On The Trickle Down Of Electronic Dance Music Aesthetics: The Cases Of Rihanna and Britney Spears

Until relatively recently, it used to be the case that your favorite pop songs made the transition to the clubs when they were remixed by a well-known remixer/producer or DJ.  The club remix of your favorite pop song is an exercise in democratizing it to the demands of the dance floor, which almost always involves squashing the song to the constraints of what is colloquially known as a “four-on-the-floor” steady bass drum beat that clocks in at around 120-130 beats per minute.  Using surgical procedures made possible by computer software and digital editing, remixing is fairly easy to do (though like any craft, not at all easy to do really well) and requires only the most local of musical anaesthesias to subdue a pop song’s constituent parts.  Typically, what happens is that some song parts like its verse-chorus structure may be dismantled, individual instrument sounds are isolated and tweaked or jettisoned altogether, new (usually electronic and pulsatingly rhythmic) sounds get thrown in, the whole song is extended (giving listeners more time to dance) and voilà: a remix is born.  For an in-demand remixer, remixes are big business because just about every kind of pop artist wants his or music to undergo the alchemical procedure to make it club-friendly.  And it’s through the remix that the aesthetics of electronic dance music have trickled down into the world of mainstream pop.  But in recent years you may have noticed that some straight ahead pop artists are doing away with the remixer middleman altogether, releasing original songs that sound like straight ahead electronic dance music remixes.  Two examples of such artists are the singers Rihanna and Britney Spears.

1. Rihanna
Rihanna’s recent album, Loud, is a varied collection of electro-Euro pop with a strong electronic dance music influence.  On the single “Only Girl (In The World)”, for example, you can hear the driving four-on-the- floor beat:

But there is more.  If you listen to two specific points–at 1:02 and 2:18–you’ll hear a move straight out of DJ culture known as the “breakdown.”  A breakdown is a brief section where the hard-hitting percussion and bass–the virtual rhythm section, essentially–drops out entirely, leaving only the singer and the melodic instruments floating above like untethered balloons.  It feels like the bottom–in this case, literally the bottom, since the rhythm section provides the song’s “low-end” bass frequencies–has been taken out from underneath you, creating an anticipation of something big about to come back.  In this song, the breakdown section is the chorus section and the hook.
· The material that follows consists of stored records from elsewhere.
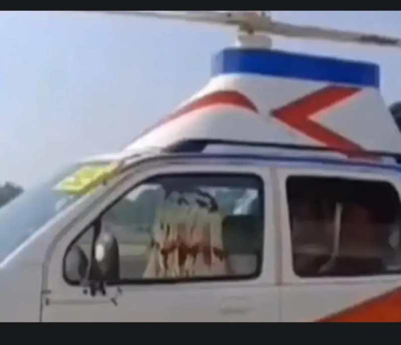 Groom come by helicopter : जिले में सोशल मीडिया पर एक वीडियो तेजी से वायरल हो रहा है। जिसमें एक दूल्हा चार पहिया वाली हेलीकॉप्टर पर बैठकर शादी के लिए सिद्धार्थनगर से बारात लेकर महराजगंज के नौतनवां कस्बे में आया। इस हेलीकॉप्टरनुमा गाड़ी को देखने के लिए काफी भीड़ लगी रही। सभी इसके मॉडिफाई करने वाले मैकेनिक की वाह वाह कर रहे।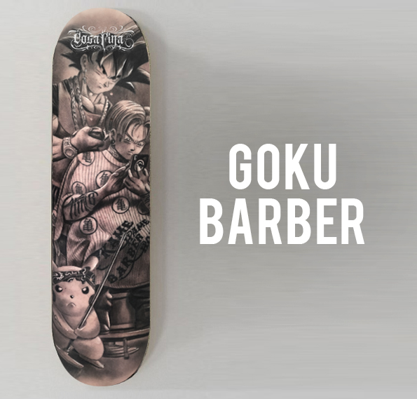 Tabla decorativa de la marca “Skateink designs” con diseño exclusivo del tatuaje de “Kame Hame Barber Shop” realizado por el artista Carlos Fabra.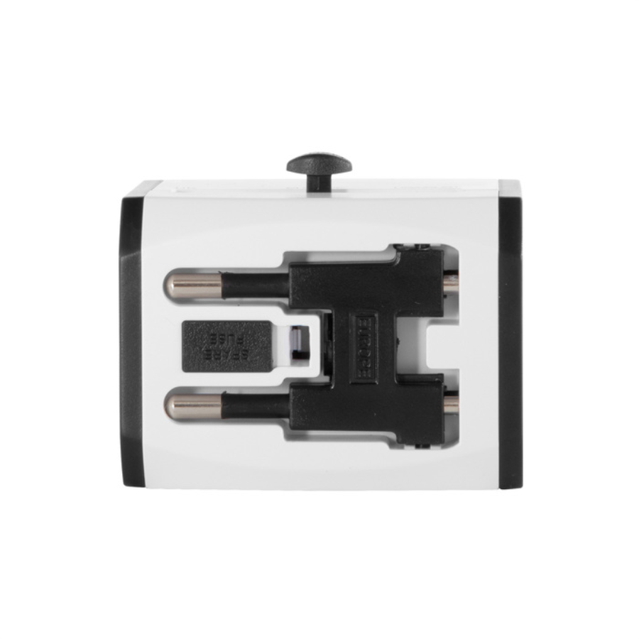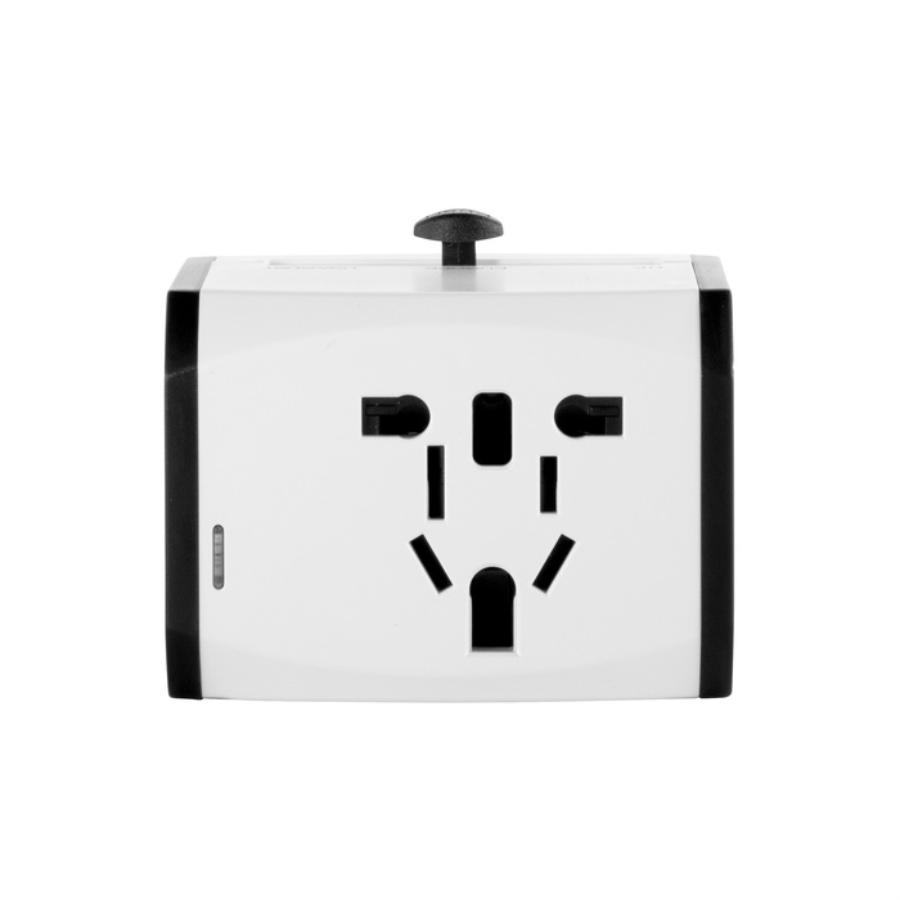 Adaptador universal de viaje. Tres enchufes: dos de la Unión Europea y uno del Reino Unido. Tipo de patas: redondas, cruzadas y paralelas. Toma múltiple. Puertos USB y USB C. Potencia: 100-250V, 6A MAX. Salida total usb: 5V/2.4A máximo por puerto. Presentación: Bolsa non-woven en color gris con cordón y en caja de regalo Kraft.

Very cool move, Rihanna.

2. Britney Spears
Another artist whose work has been suffused with electronic dance music sonics is Britney Spears.  Perhaps it’s easy to cursorily dismiss and not listen critically listen to Spears because she has for so long been smack down the middle of the pop mainstream making pure pop, but like Rihanna, she has top flight producers shaping her sound, and her music is intricately crafted.  On Spears’ recent album, Femme Fatale, there are two songs we can listen to.  The first, “Till The World Ends”, has a huge, anthemic techno-house-trance music sound, and like Rihanna’s “Only Girl” features breakdowns at song’s choruses.  Listen, for example at 0:40 and 1:52, where you can hear the bottom drop out.  Also, there is a bridge section that consists of a filter sweep which temporarily removes the high frequencies from the mix, making it sound like someone is playing with the treble knob on an old stereo.  This is a classic DJ move and is simply a way to make a section of musical material sound new by altering its timbre (or sound “color”).  You can hear this bridge  filter sweep section at 3:04.  Finally, right at the tail end of the filter sweep there is a snare drum roll that gets faster and faster, making a dramatic lead-in to the end of the song.  (It’s kind of hidden in the mix, but it’s there.)  This kind of machinic drum roll flourish is another remixer move.  Bonus: If you listen closely at 3:24, you’ll notice as well a fleeting, single-beat long piece of silence where everything but the vocals just cut out. Again, a DJ-inspired move to mute parts for just a moment before bringing them back in with increased energy.

Here is the song:

A second Spears song we can listen to is “Hold It Against Me” that features two things of note.  First, as with Rihanna’s “Only Girl”, the chorus consists of a rhythmic breakdown which you can hear at 0:57 and at 2:09.  Second, you can hear in this song the influence of dubstep, a recent popular electronic dance music subculture from the UK.  Dubstep is characterized mainly by two things: a quick tempo (in the 140 beats per minute range) that paradoxically sounds slow by virtue of the music’s half-time rhythmic feel and its woozy, wobbly synthesizer basslines that slither along and between the half-time beats. If you want to hear some classic dubstep, listen to this clip called “Oskilatah” by the artist Skream (start the clip around 0:28):

Now go and listen to the section from 2:46-3:30 in Spears’ “Hold It Against Me” where you can hear the song morph into a dubstep groove for the entire 45 second bridge section.  Although it’s derivative of dubstep, it’s also very well done.